- Provided material -

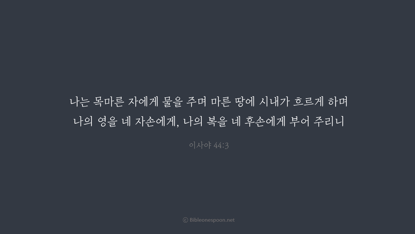 3 내가 메마른 땅에 물을 주고 마른 땅에 시내가 흐르게 하듯이, 네 자손에게 내 영을 부어 주고, 네 후손에게 나의 복을 내리겠다. 4 그들은 마치 시냇물 가의 버들처럼, 풀처럼 무성하게 자랄 것이다.
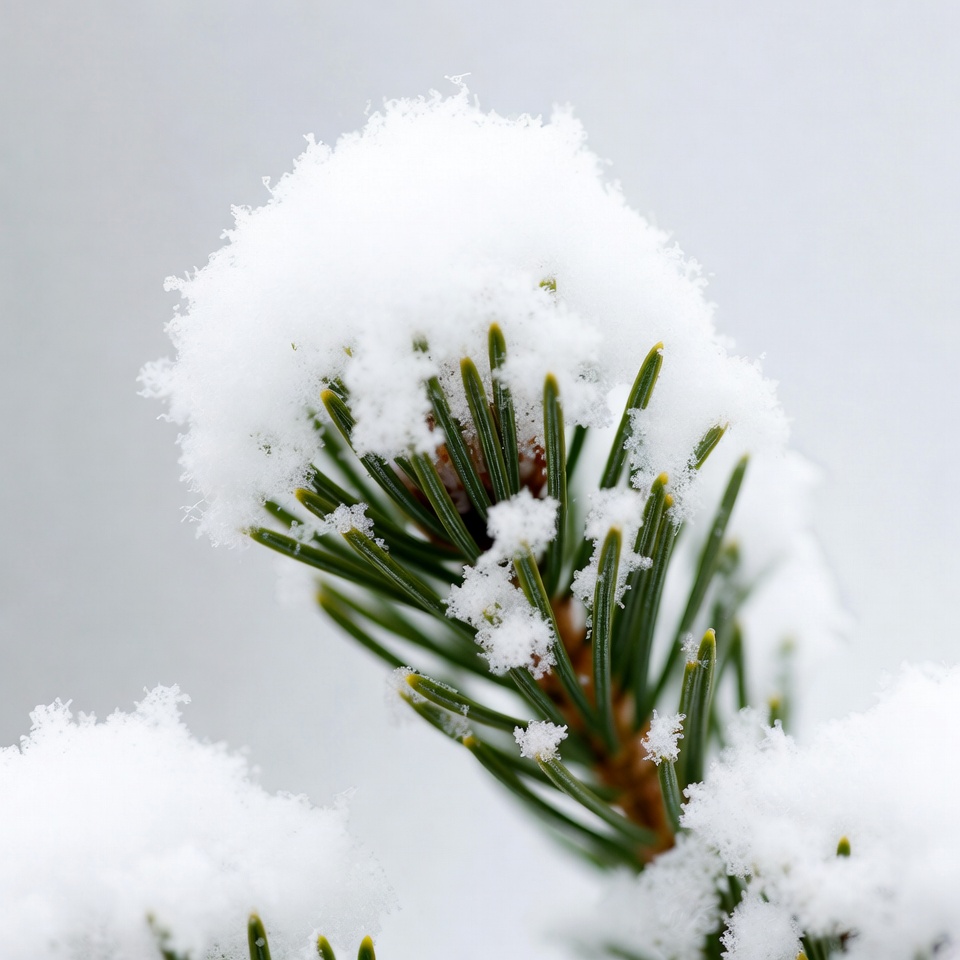 Snow-covered pine branch
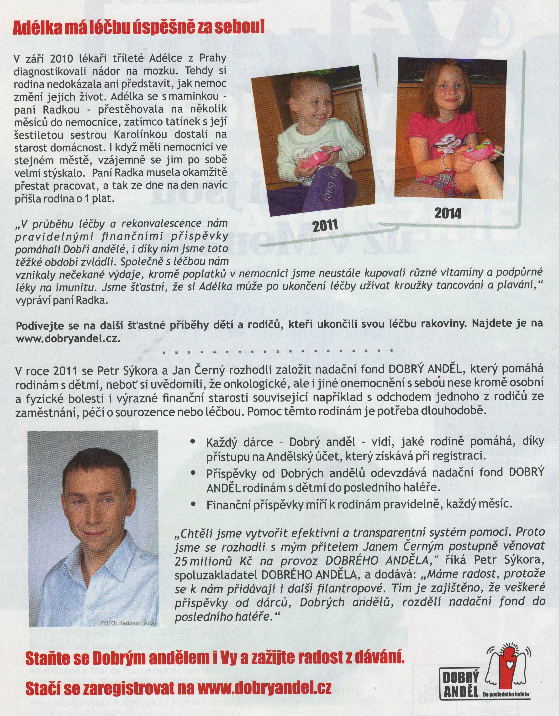 Účet Dobrých andělů pro zasílání příspěvků: 8001008/5500

- Task directions -
Leaving every picture aside, transcribe exactly the lines from the one that contains "Snow-covered pine branch" through the final line of the listing above, inclusive.

- Task answer -
 Snow-covered pine branch
 Účet Dobrých andělů pro zasílání příspěvků: 8001008/5500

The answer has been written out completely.